I'm guessing they did it to avoid confusion with oils that have viscosities that begin with 10w or 15w.


This is an interesting point. Several times have people bought 20w-50 instead of 0w-20 or 5w-20 because "it has 20 in it" I try to tell people they have the wrong thing before they pour 20w-50 into a new-ish car but most people don't care.


Per the early papers, that's exactly it they wanted to steer away from the 5s and 10s and confusion.

The 20, 30, 40, 50 were basically (and loosely) bsed on time to flow through a particular viscometer, and in the 20 range, as there are a lot less seconds than at 50, the band became ridiculously broad (20s never used to be ABLE to shear out of grade).

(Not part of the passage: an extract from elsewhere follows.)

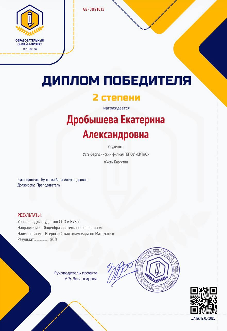 Студенты Усть-Баргузинского филиала приняли участие во Всероссийских дистанционных  олимпиадах  по математике и информатике. Свои силы в решении  задач попробовали студенты первого курса и показали отличный результат.

When they introduced the sub 20 grades, they narrowed the 20 (now they drop out of grade), introduced the new grades, and allowed them to overlap in their KV100s (HTHS is where it's at...and no, I'm not going to take the OP's silly little pokes to start more arguments...it's unbecoming to deliver the jabs, which have no place in a product discussion, and would only lead to the inclusion of "scary" papers and science, which StevieC believes has no place on BITOG).

Following is a chart demonstrating what I mentioned about the overlap in the new grades...all those with weak constitutions, and an overly developed fright response please look away...

2015 J300.jpg
 
Originally Posted by Direct_Rejection
Patman.

LOL. Everyone knows about German Castrol.
Yes, i have been lurking, and have a pretty good understanding of BITOG and motor oil.





I figured you might have been a long time lurker
cheers3.gif
 
Originally Posted by loneryder
Why 16 and not 15 or 10? Where did they come up with 16?


That way you won't confuse your customer into buying 15w40 or 10w30 by accident.
 
Originally Posted by ZeeOSix
Originally Posted by StevieC
There is a difference.
wink.gif



You're straw maning again. You just like to start these kinds of threads to wait and see the thick vs thin comments come out (as you eluded to with other comments) ... then always throw in a "disclaimer" that it's not "meant to be that". Guess everyone has their own way of getting their kicks ... carry on.
lol.gif




I will give a REAL WORLD data point.

NONE of our Japanese cars that ran and spec'd a 20 GRADE made it past 55K in good health.
Mostly Subarus driven CONSERVATIVELY by my wife with a sprinkling of Honda driven HARD by the Author.

My Nissan is doing well on majority synthetic 10w30. Its specs 5W30.


What does this mean?

It wasnt a FORD that runs well on 20 grade
smile.gif
like my old 2001 Bullitt that Loved the stuff.